Na sequência, em cima da imagem de um pelotão de ciclistas circulando em uma rodovia, a voz em off anuncia: “outra proibição é a circulação de bicicletas em rodovias, o que frequentemente acontece”. E nós, com interjeição de espanto, perguntamos: com base em que é proibida a circulação de bicicletas em rodovias? Vamos ao que diz a lei, em contraposição ao achismo da reportagem: “É infração (dos ciclos): transitar em vias de trânsito rápido ou rodovias, salvo onde houver acostamento ou faixas de rolamento próprias (grifo nosso)”. Qual a primeira coisa que salta aos olhos na imagem estampada pela reportagem? Ciclistas pedalando em uma rodovia COM ACOSTAMENTO. Não é preciso dizer mais nada, só lamentar os equívocos da reportagem e esperar que um dia eles se retratem.

10.
Mais uma afirmação categórica e equivocada do advogado entrevistado: “esses grupos de ciclistas que andam à noite, nas marginais ou no rodoanel, precisam de uma autorização da CET para circular nestes locais”. As respostas acima já contemplam esta questão, pois já comprovamos ser livre e legal a circulação de bicicletas nestes locais.

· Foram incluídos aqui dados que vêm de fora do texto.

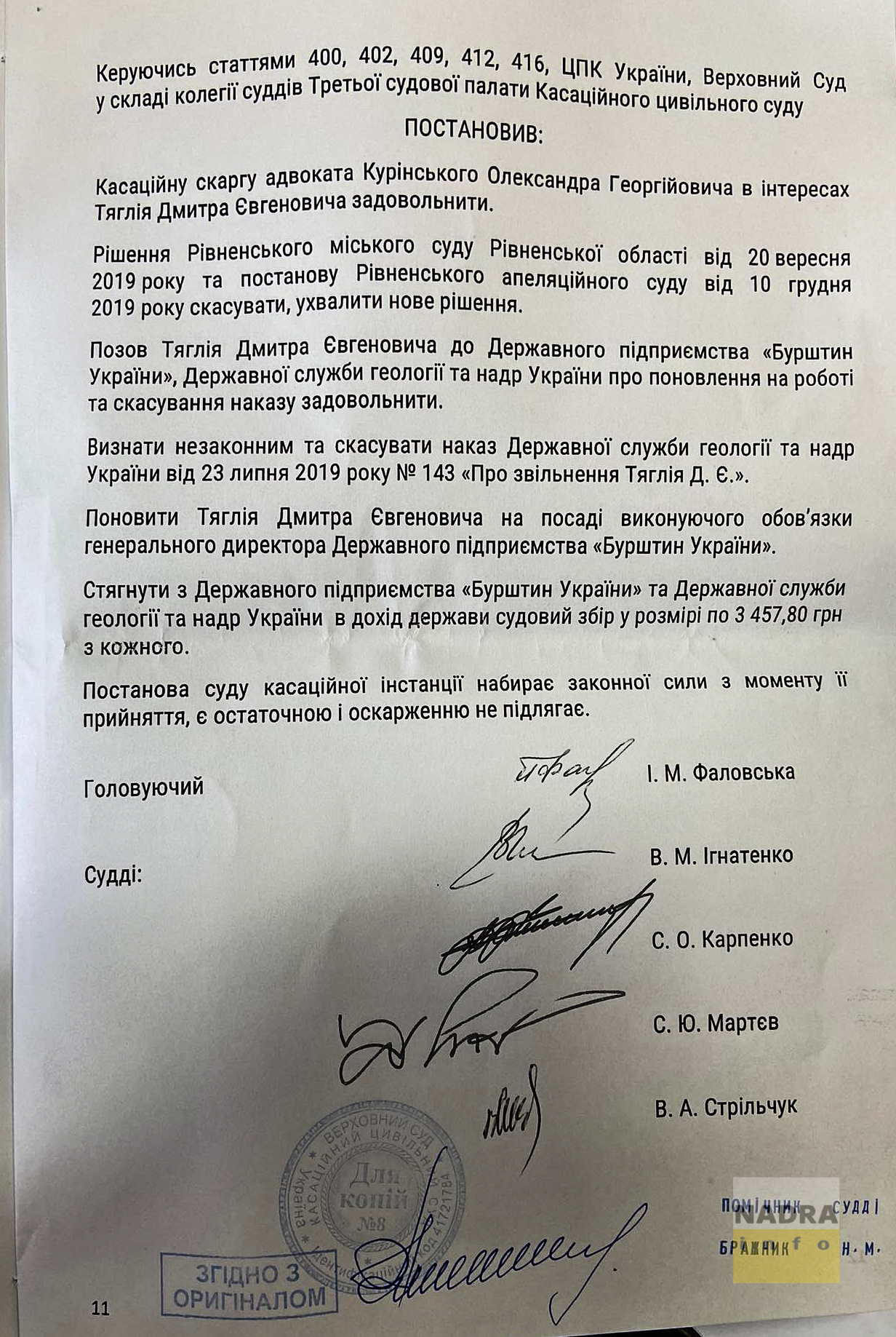 Тяглій Дмитро має бути поновлений на посаді виконуючого обовʼязки генерального директора державного підприємства “Бурштин України”. Про це NADRA.info повідомив адвокат Дмитра Тяглія Олександр Курінський, який також надав копію Постанови Верховного суду. Із повним текстом Постанови можна ознайомитися за посиланням.

Pessoas reunidas pedalando juntas – seja para com destino ao trabalho, seja como prática de atividade física – não configuram um evento ciclístico formal, onde normalmente há organizadores, apoiadores, estrutura etc (para estes eventos, sim, é necessário pedir autorização e apoio dos órgãos competentes).

11.
Para cumprir a cartilha do jornalismo e mostrar “o outro lado”, a reportagem entrevistou longamente o Diretor de Participação da Ciclocidade. A longa entrevista, no entanto, não foi utilizada e a edição destacou, deturpadamente, apenas duas falas que, isoladamente, não produzem o contexto necessário de contrapontos aos equívocos formais, conceituais e legais da reportagem.

12.
Para finalizar, a reportagem incluiu o depoimento de um bike courrier que disse usar sempre os equipamentos de segurança que ele considera adequados (que não são obrigatórios e não estão previstos em legislação alguma); e a reporter, em off, apontou o caso deste ciclista como um bom exemplo, “a consciência que sobre em Maurício, falta em grande parte dos ciclistas flagrados arriscando a vida nas ruas de SP”. Mais uma vez as imagens de apoio, que comprovariam esta “grande parte de ciclistas arricando suas vidas”, mostraram somente ciclistas em comportamento legal, tranquilo, respeitoso e adequado.

Para concluir, vimos solicitar a TV Record o reconhecimento público dos equívocos cometidos nesta reportagem e propomos a realização de uma matéria apontando os aspectos positivos do uso de bicicleta, seus benefícios para a cidade e para os cidadãos.